[Start of section]

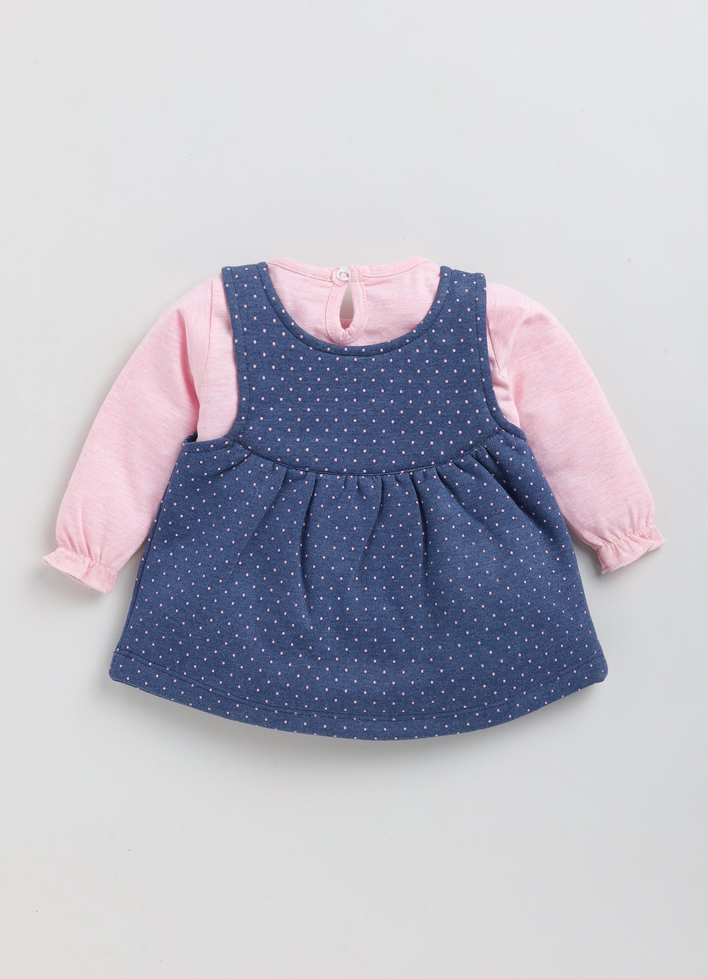 Get the perfect combination of style and comfort with our full sleeve top paired with a cute dungaree! Designed for small girls, this outfit is perfect for any occasion. Stay stylish and free to move with ease, while showcasing your unique personality. Make a statement with our top and dungaree duo!
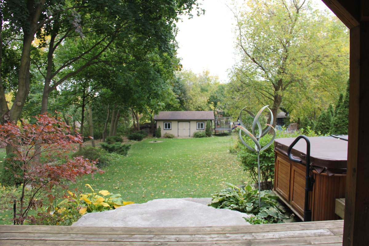 Cute basement bungalow in Hespeler Village. Short walk to the river, trails, and village pubs. Private basement apartment with separate entrance, gas fireplace, TV, wifi, minifridge, Kurig coffee machine, kettle, and private washroom. Minutes away from the 401. We live in the apartment upstairs and are happy to answer any questions but we give our guests space and privacy during their stay.
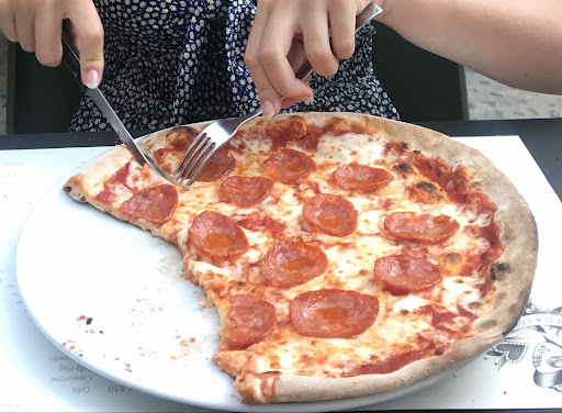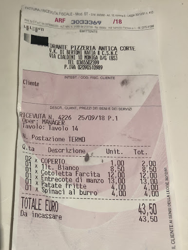 Read moreThe ambiance is good , in an old courtyard with wooden bench seats . The prices are very fair . However the food we had was at best , average . We were disappointed. The spaghetti carbonara was dry and over cooked with the egg going solid. Not enough sauce mainly oil. The calzone looked good on arrival but on cutting it open I saw cheap ingredients such as budget price ham and mozzarella and sliced mushrooms from a can ! Looks like the ingredients all came from Lidl . I have had many calzone in Italy and can say this one was made for the tourist not...
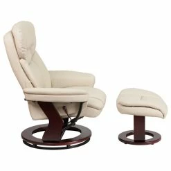 Flash Furniture Contemporary Cream Leather Recliner And Ottoman
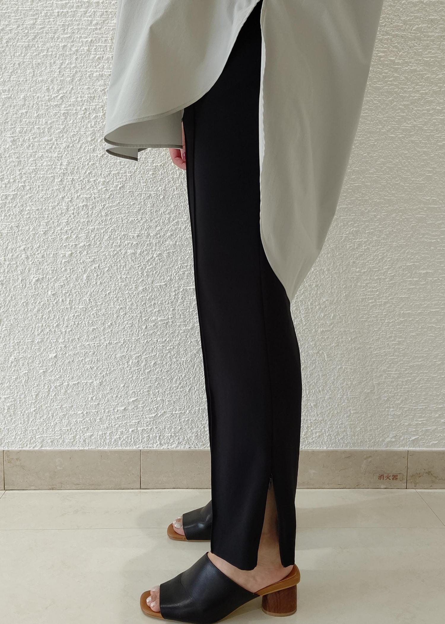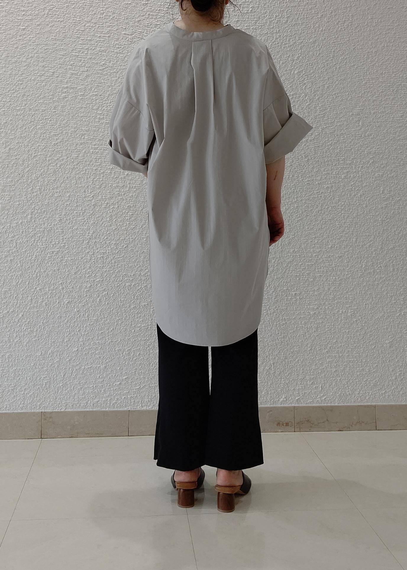 スッキリとしたラク美パンツにチュニックシャツを合わせたカジュアルコーデです。
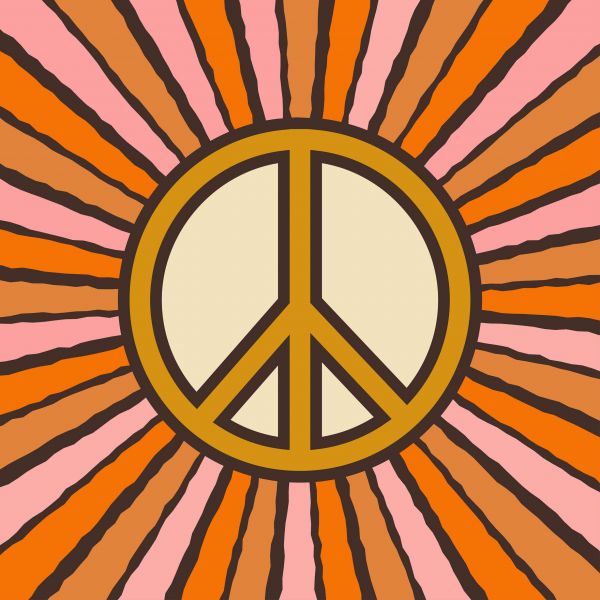 Carta da parati con un segno di pace in colori hippie. Create un'atmosfera anni '60 in camera da letto.
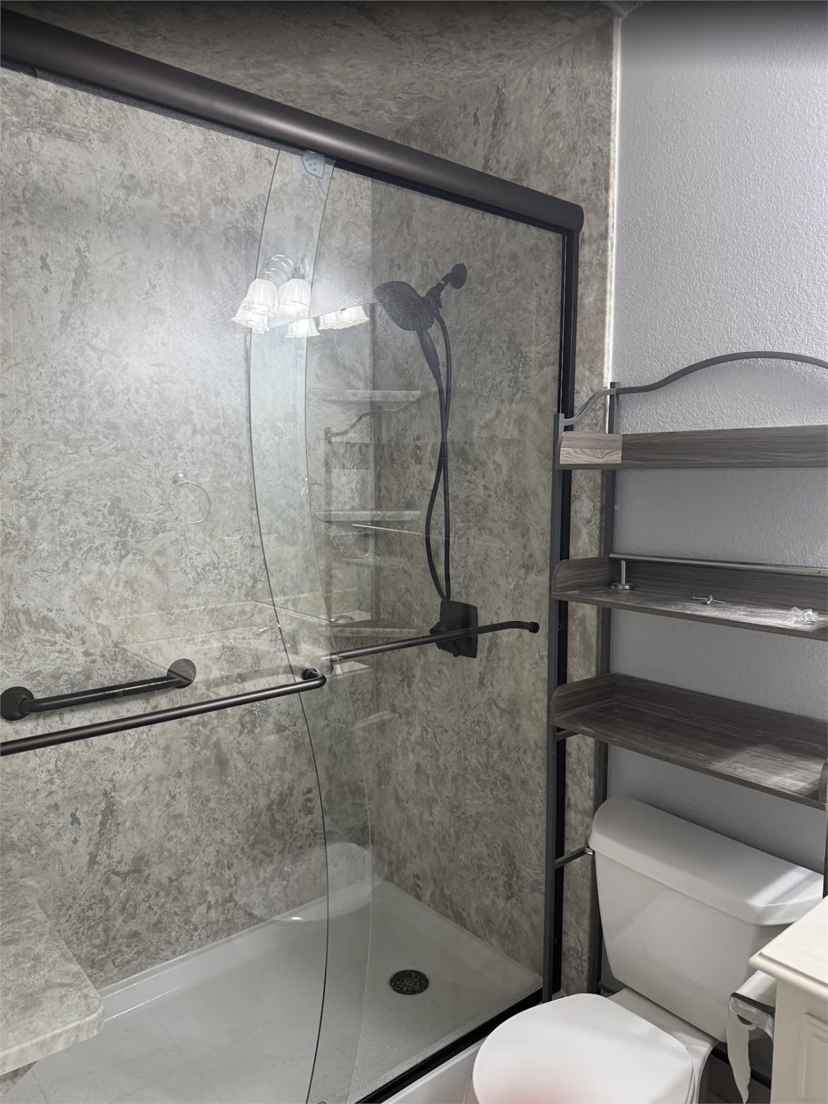 - Wall System: Luxury solid-surface panels in Gray Onyx (stone-look gray with vertical veining)
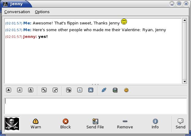 I also spent WAY too much time writing this Gaim script for AIM that keeps track of people who want to be my Valentine or not. Incredibly cheesy... yes. But it's sorta cool, and people so far have gotten a kick out of it. It takes a "Yes!" or "No!" answer and displays the aliased name with a message. Pretty neat no?
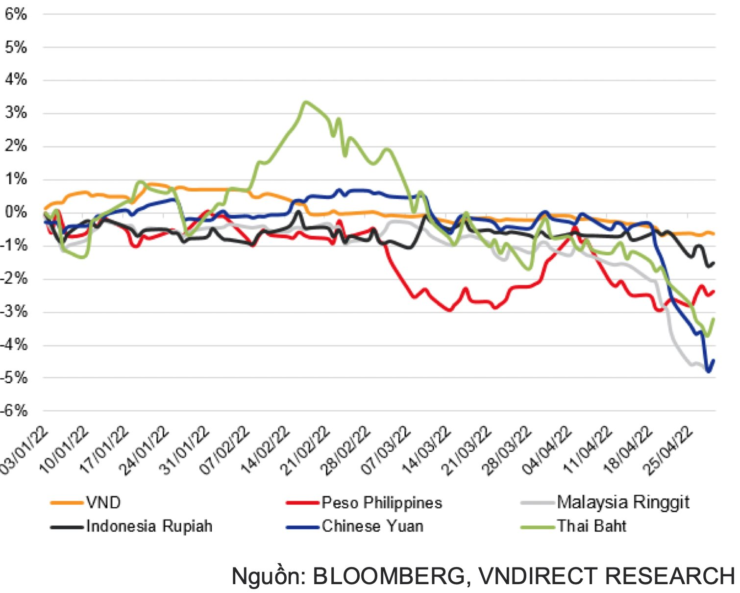 VND vượt trội hơn các đồng tiền khác trong khu vực. |

[End of section]

◆ **Work order**
The pictures stay out; copy the rest of the data word for word.

◆ **Exercise result**
 Get the perfect combination of style and comfort with our full sleeve top paired with a cute dungaree! Designed for small girls, this outfit is perfect for any occasion. Stay stylish and free to move with ease, while showcasing your unique personality. Make a statement with our top and dungaree duo!
 Cute basement bungalow in Hespeler Village. Short walk to the river, trails, and village pubs. Private basement apartment with separate entrance, gas fireplace, TV, wifi, minifridge, Kurig coffee machine, kettle, and private washroom. Minutes away from the 401. We live in the apartment upstairs and are happy to answer any questions but we give our guests space and privacy during their stay.
 Read moreThe ambiance is good , in an old courtyard with wooden bench seats . The prices are very fair . However the food we had was at best , average . We were disappointed. The spaghetti carbonara was dry and over cooked with the egg going solid. Not enough sauce mainly oil. The calzone looked good on arrival but on cutting it open I saw cheap ingredients such as budget price ham and mozzarella and sliced mushrooms from a can ! Looks like the ingredients all came from Lidl . I have had many calzone in Italy and can say this one was made for the tourist not...
 Flash Furniture Contemporary Cream Leather Recliner And Ottoman
 スッキリとしたラク美パンツにチュニックシャツを合わせたカジュアルコーデです。
 Carta da parati con un segno di pace in colori hippie. Create un'atmosfera anni '60 in camera da letto.
 - Wall System: Luxury solid-surface panels in Gray Onyx (stone-look gray with vertical veining)
 I also spent WAY too much time writing this Gaim script for AIM that keeps track of people who want to be my Valentine or not. Incredibly cheesy... yes. But it's sorta cool, and people so far have gotten a kick out of it. It takes a "Yes!" or "No!" answer and displays the aliased name with a message. Pretty neat no?
 VND vượt trội hơn các đồng tiền khác trong khu vực. |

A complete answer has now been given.